AUTHOR=Podlejski Witold , Descloitres Jacques , Chevalier Cristèle , Minghelli Audrey , Lett Christophe , Berline Léo TITLE=Filtering out false Sargassum detections using context features JOURNAL=Frontiers in Marine Science VOLUME=9 YEAR=2022 URL=https://www.frontiersin.org/journals/marine-science/articles/10.3389/fmars.2022.960939 DOI=10.3389/fmars.2022.960939 ISSN=2296-7745 ABSTRACT=

Since 2011, the distribution extent of pelagic Sargassum algae has substantially increased and now covers the whole Tropical North Atlantic Ocean, with significant inter-annual variability. The ocean colour imagery has been used as the only way to monitor regularly such a vast area. However, the detection is hampered by cloud masking, sunglint, coastal contamination and other phenomena. All together, they lead to false detections that can hardly be discriminated by classic radiometric analysis, but may be overcome by considering the shape and the context of the detections. Here, we built a machine learning model base exclusively on spatial features to filter out false detections after the detection process. Moderate-Resolution Imaging Spectroradiometer (MODIS, 1 km) data from Aqua and Terra satellites were used to generate daily map of Alternative Floating Algae Index (AFAI). Based on this radiometric index, Sargassum presence in the Tropical Atlantic North Ocean was inferred. For every Sargassum aggregations, five contextual indices were extracted (number of neighbours, surface of neighbours, temporal persistence, distance to the coast and aggregation texture) then used by a random forest binary classifier. Contextual features at large-scale were most important in the classifier. Trained with a multi-annual (2016-2020) learning set, the model performs the filtering of daily false detections with an accuracy of ~ 90%. This leads to a reduction of detected Sargassum pixels of ~ 50% over the domain.
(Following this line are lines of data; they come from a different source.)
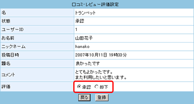 内容を確認し、ユーザーの評価(レビュー)画面への反映を承認するか却下するかを指定し、
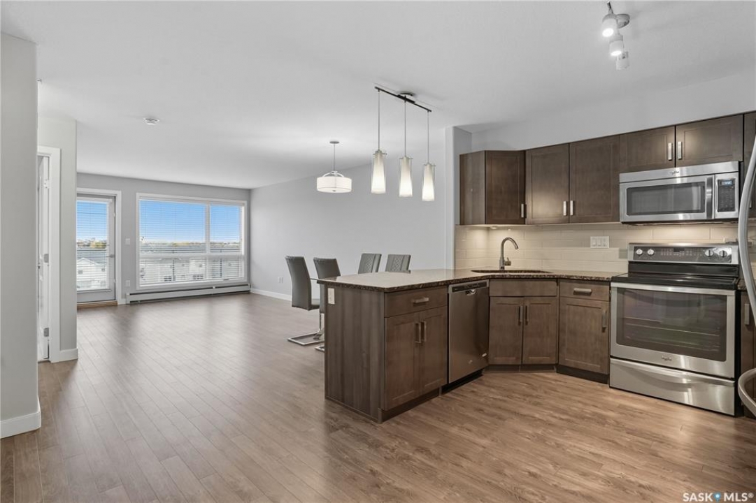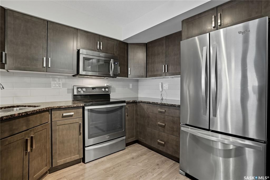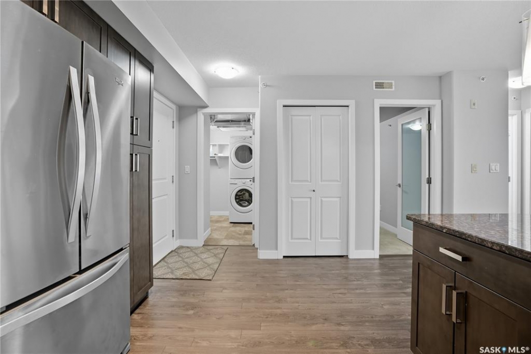 Welcome to this prime located top floor east end condo. High end finishes throughout , dream kitchen with stainless steel appliances included. This beautiful kitchen features dark cabinets with a rich looking granite countertop top and large island. Nice open layout with great views from the moment you walk in the condo. Condo has a large bedroom and another den for a perfect office or smaller bedroom . Convenient located washer dryer in the unit and an updated full bathroom. If that wasn't enough you also get an ideal underground parking spot on the end and a large storage unit for all your needs. Won't last long make your appointment with your realtor today.
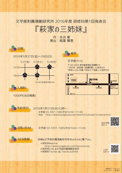 今日は「萩家の三姉妹」Aチームの楽日、Bチームの初日です。今日の19時と明日の14時の回は、まだ予約可能です。チームが変わるとまた違った面白さがあるので、どっちも観て欲しいです(*^o^*)お時間ある方ぜひ!

The method provides reliable data while preserving high spatial and temporal resolutions (1 km, daily). The resulting distribution is consistent with the literature for seasonal and inter-annual fluctuations, with maximum coverage in 2018 and minimum in 2016. This dataset will be useful for understanding the drivers of Sargassum dynamics at fine and large scale and validate future models. The methodology used here demonstrates the usefulness of contextual features for complementing classical remote sensing approaches. Our model could easily be adapted to other datasets containing erroneous detections.